Australian Capital Territory Independent Senator David Pocock said he was concerned about the initial rejection rate as some of Australia's most vulnerable people live in nursing homes.

"There is a place for contracting work, but it is deeply disturbing to find that two-thirds of aged care board on-site audits are outsourced, and a third of those audits are not up to standard," Pocock said. ”

The European Commission is the regulator.

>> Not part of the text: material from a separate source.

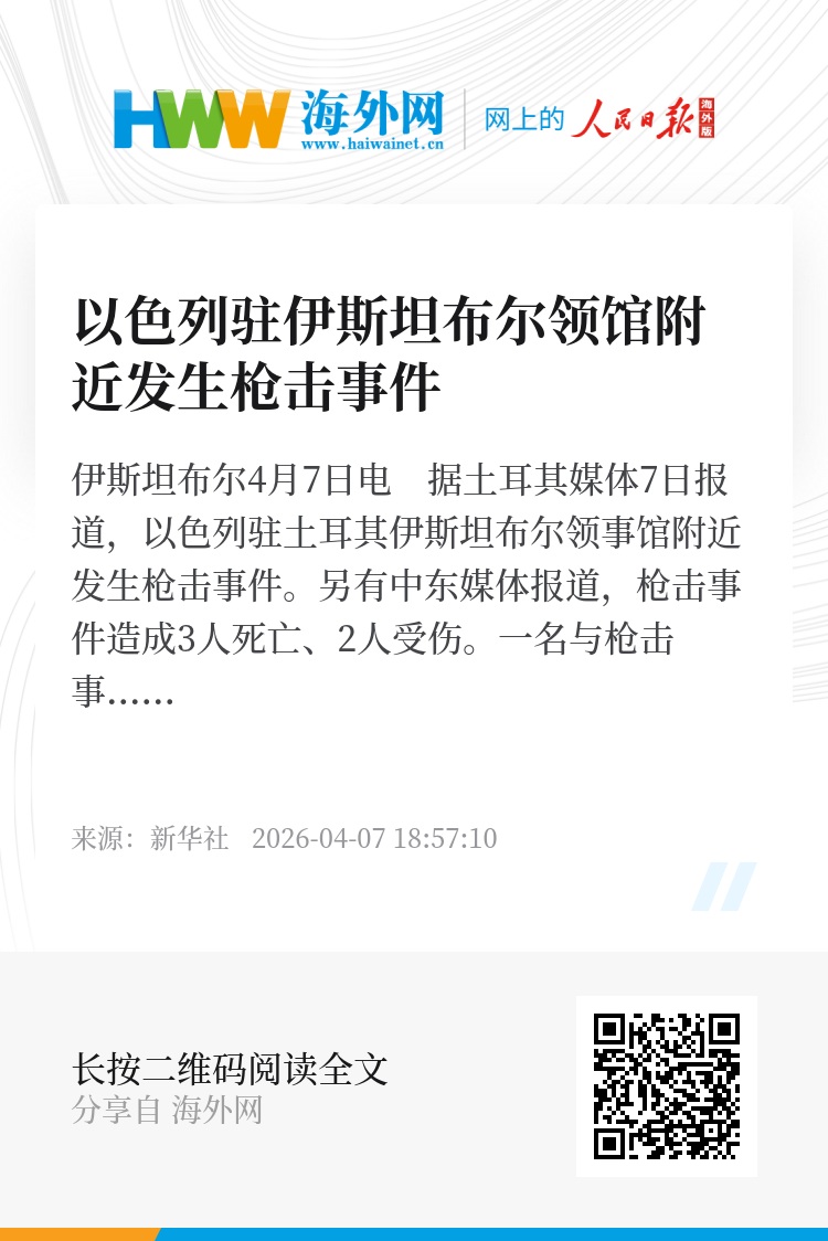 新华社伊斯坦布尔4月7日电 据土耳其媒体7日报道,以色列驻土耳其伊斯坦布尔领事馆附近发生枪击事件。另有中东媒体报道,枪击事件造成3人死亡、2人受伤。一名与枪击事件有关的人员已被警方控制。

On-site audits are their core business, and this should be a capability that they have in-house. ”

D**id Tune, a former senior civil servant who conducted an independent assessment of the commission's capacity, described aged care audits as "a core function of the commission" and warned that the extent of outsourcing poses "significant risks".

Beth Vincent-Pitsch, National Deputy Secretary General of the Community and Public Sector Alliance, has also again criticized outsourcing.

"If Albanese Labor** really wants to improve the quality of aged care across the country, then they need experienced, candid and fearless civil servants to do the work of aged care regulators," Vincent-Pietsch said. ”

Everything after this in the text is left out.